# What does your cage look like?



## Grawrisher (Sep 10, 2013)

I'm just curious to see everyone's cages

Here's mine









Sent from Petguide.com Free App


----------



## Crezzard (Jul 20, 2013)

Mines on two levels but they can explore the whole thing as there is a ramp joining the 2.
View attachment 80410
View attachment 80418


I love my cage!!! X


Sent from Petguide.com Free App


----------



## Grawrisher (Sep 10, 2013)

I saw that in your hand training video! I love that cage it's massive and has great access with those doors


Sent from Petguide.com Free App


----------



## JLSaufl (Jan 20, 2013)

Mine is a frankenstein'd cage. The bottom is a rabbit hutch that I used for my bun's bed when I had her. The top I made with hardware cloth, angle iron and square rod (and 1000 zip ties) around the entrance is duct tape. It's not pretty but it works and they love it. There's a hole in the back right corner, for them to get between levels. Each level is 30x15x17


----------



## Xerneas (Aug 6, 2013)

http://i763.photobucket.com/albums/xx276/GeoControl/IMG_2899_zpsc2007aec.jpg

They have more behind the box that you can't see like a couple of chew toys and their litterbox.
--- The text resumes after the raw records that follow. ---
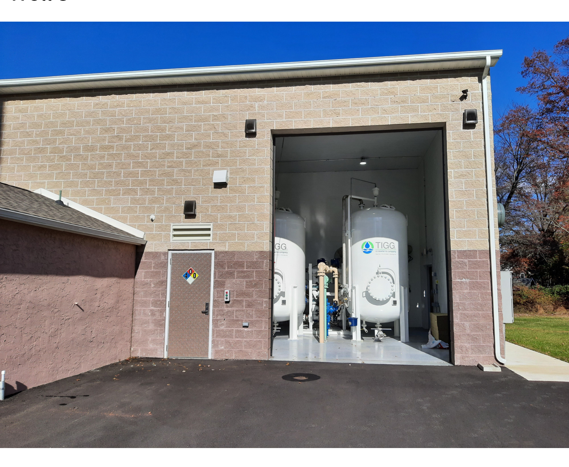
Main treatment and polishing units for Well 8.
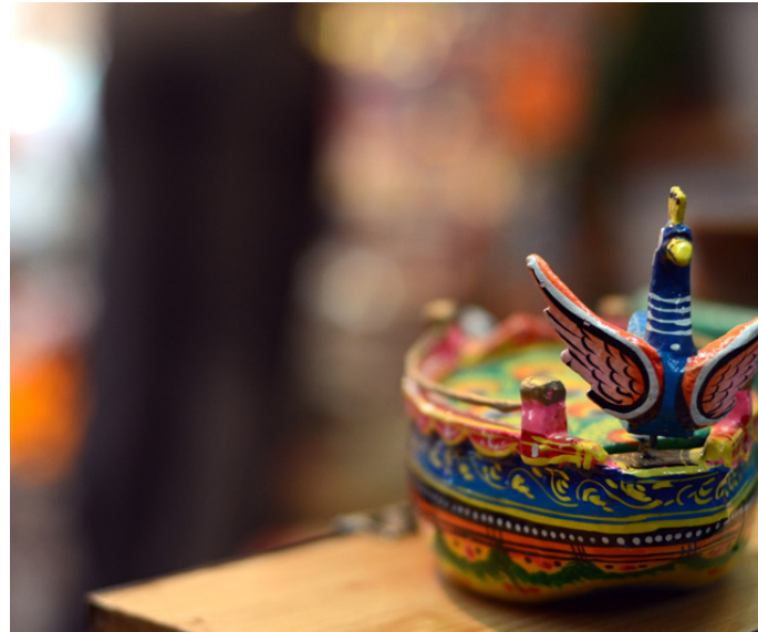
Peacock head on the other end.

http://www.dsource.in/resource/making-parrot-toy/place
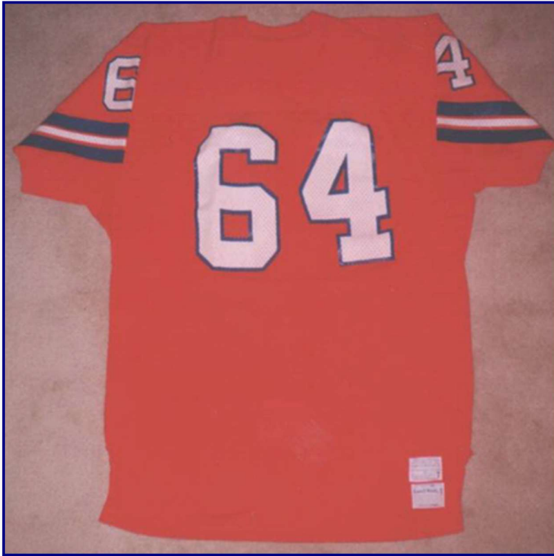
Fig. 74-3. Front of circa 1974 home jersey with ¼-length sleeves (M. Schnitker)

Also bonus cutie pic. (Ignore my ugly nails, yuck)

http://i763.photobucket.com/albums/xx276/GeoControl/IMG_2846_zps9bf0cd84.jpg


----------



## Phantom (Apr 4, 2012)

I have a rat manor, but it's a little messy at the moment. I'll see if I can take a picture of it come Friday when I clean the cage. =P


----------



## Divit (Aug 5, 2013)

Here's mine all nice and clean. (Because I'm still waiting for my rats!) A couple pockets I made are hanging on the door so they 'disappear' when I open the cage door for inside photos.


----------



## cagedbirdsinging (May 28, 2012)

There is already a thread for this. Take a look here: http://www.ratforum.com/showthread.php?46885-Cage-Pic-Thread-(No-chat)


----------



## Grawrisher (Sep 10, 2013)

Oh weird, anyway this is different because you can conversate....xerneas your rat is kind of the cutest


Sent from Petguide.com Free App


----------



## Grawrisher (Sep 10, 2013)

Divit I keep seeing your cage! When are you getting your rats? I'm anxiously excited for you!
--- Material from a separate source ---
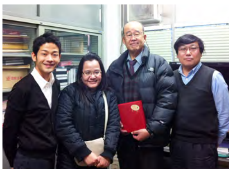
SEAFDEC Secretariat Information Officer (second from the left) during the capacity development program
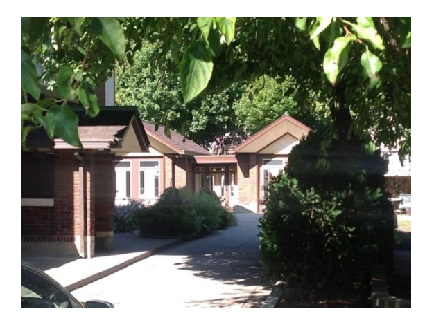
Charles Purcell House (1909)

Sent from Petguide.com Free App


----------



## watts300 (Aug 3, 2013)

Xerneas said:


> Ignore my ugly nails, yuck


I can't! Ew! Gross!


<shrug>




Sent from Petguide.com Free App


----------



## Divit (Aug 5, 2013)

Grawrisher said:


> Divit I keep seeing your cage! When are you getting your rats? I'm anxiously excited for you!
> 
> 
> Sent from Petguide.com Free App


I am anxious too!! All's I can do is show off my cage..._ empty of rats_.  

The breeder had a first-time momma who only birthed one baby, so she is now breeding 4 different pairs to accommodate all of us who are waiting. 
...looks like end of Oct or early Nov...

I was on the forum so late last night, I dreamt about baby rats, lol!


----------



## Crezzard (Jul 20, 2013)

Divit I love the way you kitted out your cage it looks amazing. I don't envy you on
Cleaning day though lol x


Sent from Petguide.com Free App


----------



## Grawrisher (Sep 10, 2013)

Divit said:


> I am anxious too!! All's I can do is show off my cage..._ empty of rats_.
> 
> The breeder had a first-time momma who only birthed one baby, so she is now breeding 4 different pairs to accommodate all of us who are waiting.
> ...looks like end of Oct or early Nov...
> ...


Oh man :/ I think it's a little silly to adopt out rats before they exist, I guess that means I wouldn't be a good breeder, anyway, hopefully you get them sooner rather than later, keep showing off that cage while you can....if there's one thin that destroys a well decorated rat cage, it's a rat


Sent from Petguide.com Free App


----------



## Divit (Aug 5, 2013)

Grawrisher said:


> Oh man :/ I think it's a little silly to adopt out rats before they exist, I guess that means I wouldn't be a good breeder, anyway, hopefully you get them sooner rather than later, keep showing off that cage while you can....if there's one thin that destroys a well decorated rat cage, it's a rat
> 
> 
> Sent from Petguide.com Free App


Yeah, any of the reputable breeder sites that I checked, all had waiting lists of people wanting to adopt their rats. It's all new to me.

As far as cleaning the cage, I'm sure we will have a huge learning curve with what does and doesn't work.


----------



## Grawrisher (Sep 10, 2013)

Divit said:


> Yeah, any of the reputable breeder sites that I checked, all had waiting lists of people wanting to adopt their rats. It's all new to me.
> 
> As far as cleaning the cage, I'm sure we will have a huge learning curve with what does and doesn't work.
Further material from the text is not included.